错误的SQL查询语句返回大量重复数据将导致意外的性能急剧下降。
比如存在如下关系:
*) Deal has 1 City if (deal.is_multi_city == false);
*) Deal has many DealCities if (deal.is_multi_city == true);
如果我们想查询所有某个城市的multi-city和非multi-city的Deal, 写出如下的语句将导致很恶劣的性能问题:
$query = "select Deal.id from t_deals as Deal,t_deal_cities as DealCity, t_cities as City where ( (Deal.is_multi_city_deal = 1 and Deal.id=DealCity.deal_id and DealCity.city_id=City.id ) or (Deal.is_multi_city_deal = 0 and Deal.city_id=City.id ) ) and ( City.slug='".$cityslug."')";
return $this->query($query);
其中OR后面的查询有一个很隐蔽的问题: 忽略了非常重要的表间外键约束:Deal.id=DealCity.deal_id, 将导致大量的数据冗余。
实际上OR前后的查询其范围是不同的,OR后面的语句不应该把不相关的表格DealCity引入进来。
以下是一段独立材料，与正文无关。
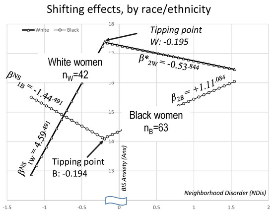 We found that more nuanced health disparity (HD) conclusions can be reached by investigating differential effects on health by racial/ethnic (R/E) groups using a segmented (piecewise) regression method that allows the linear effects to switch/change. In particular, we found that the effect of neighborhood disorder, a measure of adverse environmental conditions, on anxiety operates differently in white than in Black young women, confirming prior findings of differential associations between neighborhood conditions in different R/E groups [39]. It appears that Black and white women handle challenging neighborhood conditions differently, considering how such conditions impact their mental health, anxiety in particular. We note that at about one-fifth of a standard deviation in neighborhood disorder below its mean, something happens that changes the dynamic of the neighborhood disorder → anxiety relationship in both white and Black young women, although the change is markedly different in the two groups.

通过联合查询我们可以达到同样的目的并且消除了业务逻辑和查询范围上的混乱:
$query = "SELECT Deal.id
FROM t_deals AS Deal, t_deal_cities AS DealCity, t_cities AS City
WHERE
Deal.is_multi_city_deal =1
AND Deal.id = DealCity.deal_id
AND DealCity.city_id = City.id
AND City.slug = '".$cityslug."'
UNION
SELECT Deal.id
FROM t_deals AS Deal, t_cities AS City
WHERE Deal.is_multi_city_deal =0
AND Deal.city_id = City.id
AND City.slug = '".$cityslug."'";
这个语句改正使得网站首页从10s以上访问时间大大降低到2s以下。性能得到5倍以上的提高。
从中可以看出糟糕的数据模型和查询语句将对网站性能造成多大的影响。
很多情况下其效益远比通过加应用服务器和提高带宽大得多。